Ok can you please add --username=${GITHUB_ACTOR} also make sure the token has read access to the repo, by setting this in the job:

    permissions:
      contents: read

[wilsonchiu]

Success! The following snippet in e2e.yaml works for a private GitHub repo. I did not add the permissions block to the yaml, but I did check from the GitHub Web UI that the repo Actions settings has Read repository contents and packages permissions checked under Workflow permissions, which seems to be the default.

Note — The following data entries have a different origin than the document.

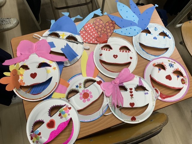 最後に周りの人を笑顔にするオリジナルの仮面も作成しました。日本語教室に飾ります!
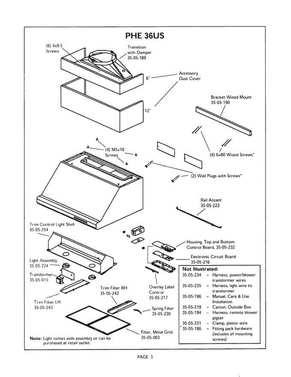 Parts for Thermador PHE36US: 01 - Wall Hood Parts
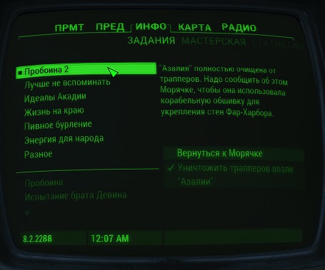 У Морячки новая идея, как еще лучше укрепить оборонительные стены поселка Фар-Харбор. Когда-то давно возле южной окраины острова потонуло грузовое судно Азалия. Разрезав металл корпуса этого судна, можно дополнительно укрепить стены Фар-Харбор. Нужно торопиться, сделать все побыстрее… А спешка вызвана тем, что у Морячки обнаружили смертельное заболевание. Однако есть проблема – судно прибило к берегу и его облюбовали местные бандиты – Трапперы. Вам необходимо зачистить судно от бандитов, чтобы с Фар-Харбора выслали бригаду резчиков и разобрать его обшивку на листы для укрепления стен.
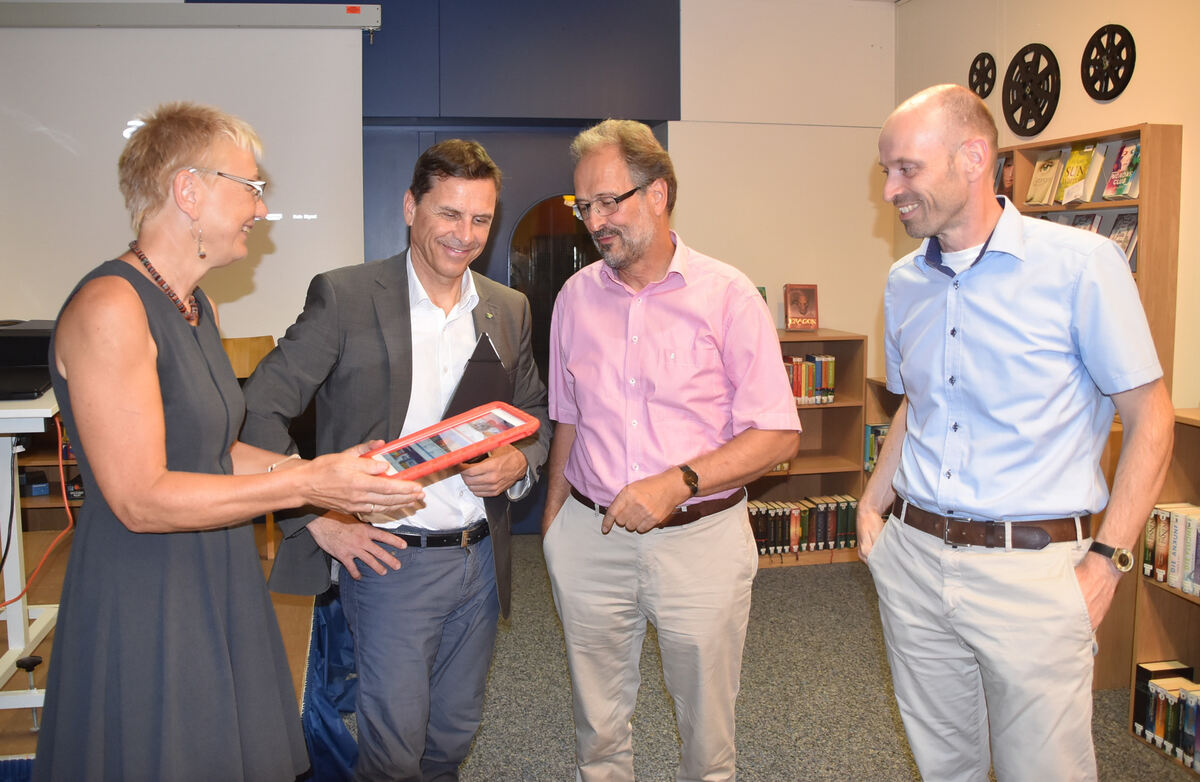 Auf geht’s ins Tablet-Quiz: (von links) Mediotheksleiterin Karin Lorenz, Bürgermeister Christof Dold, Ex-Kämmerer Dieter Haug und Nachfolger Markus Hillenbrand. FOTO: SANDER
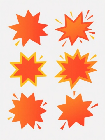 白色背景上整齐排列六个橙红色调促销主题元素,每个元素均为不规则放射状爆炸形轮廓,边缘线条平滑锐利,内部色彩从橙红色向黄色自然柔和过渡,部分元素带有细小装饰性尖角或延展线条,整体呈现活泼醒目、充满动感的现代扁平化设计风格,适合促销活动视觉强调。
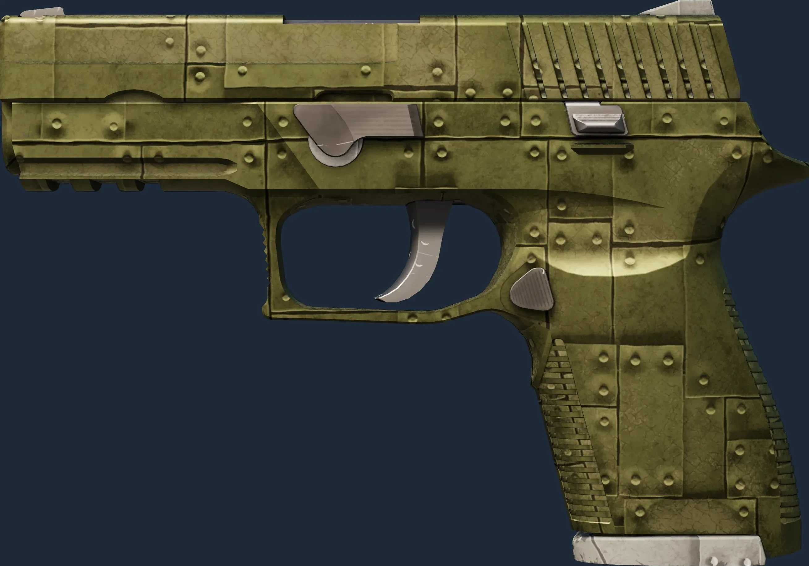 The P250 | Iron Clad is a Covert grade skin for the P250 in Counter-Strike 2. It features a Custom Paint Job finish and was designed by G-99Factory.
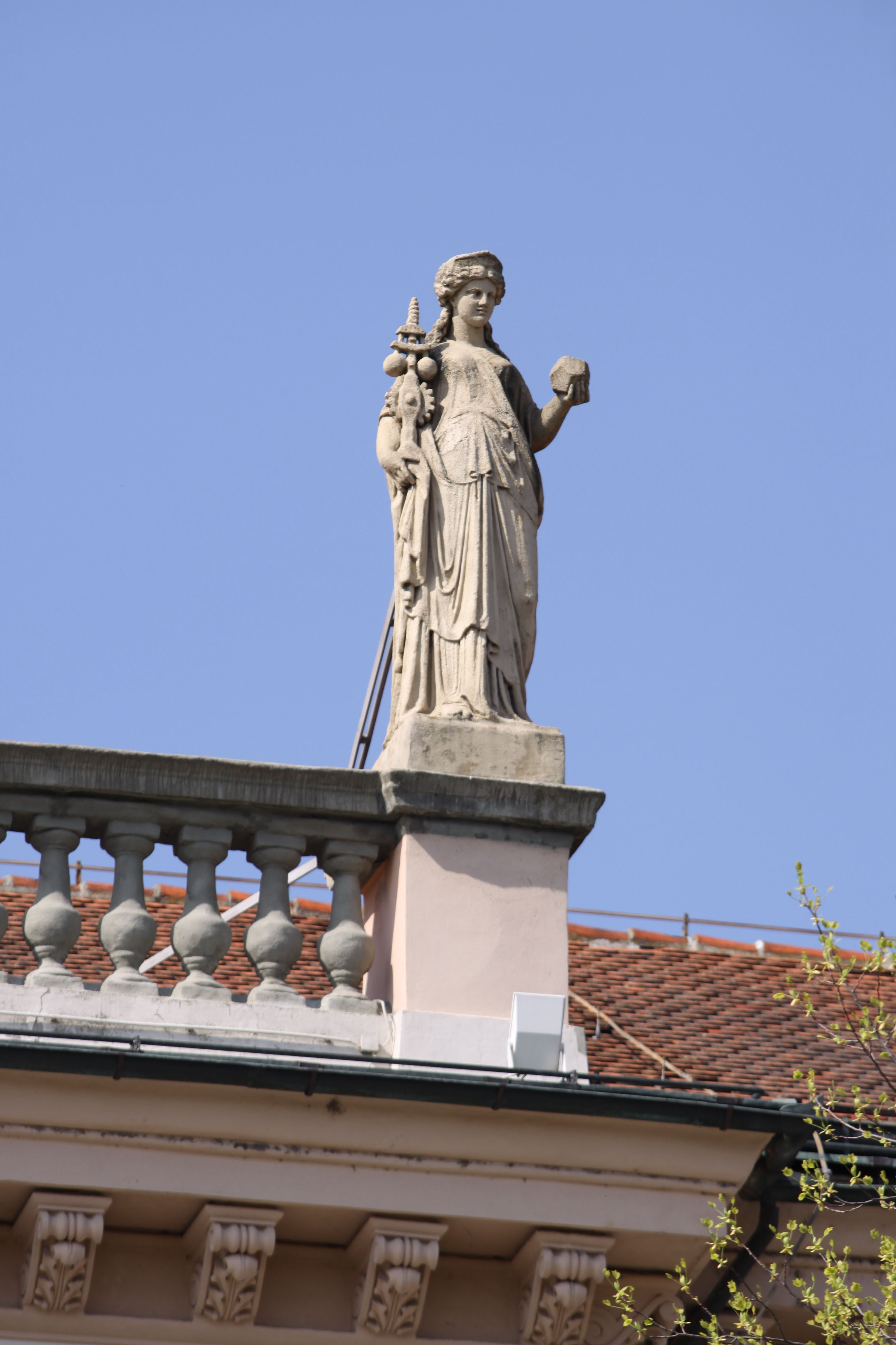 In 1883, a monument dedicated to a known resident of Maribor, vice admiral Wilhelm von Tegetthoff (1827-1871), the victor in marine battles at Helgoland and Lissa, was unveiled in the park in front of the building (present day Trg generala Maistra (General Maister Square)). It was made by sculptor Heinrich Fuss (1845-1913) and it was an exceptional artistic creation, which enriched the vicinity of the school. Tegetthoff's bust and the personifications of the battles at Helgoland and Lissa were removed in 1918, and the column in the 1930s, most probably in 1934, when the construction of the Serbian Orthodox church (church of the prince Lazar, Momir Korunović, began in 1934, demolished in 1941) began in the park. After its removal, the park was re-established; today, the statue of General Rudolf Maister (1874-1934), the work of Vlasta Tihec Zorko, and the monument to journalist Anton Tomšič stand there.

          flux create source git flux-system \
          --url=${{ github.event.repository.html_url }} \
          --username=${GITHUB_ACTOR} \
          --password=${{ secrets.GITHUB_TOKEN }} \
          --branch=${GITHUB_REF#refs/heads/} \
          --ignore-paths="clusters/**/flux-system/"

Thank you @stefanprodan again for the assistance and your patience in helping me to gain further understanding of flux.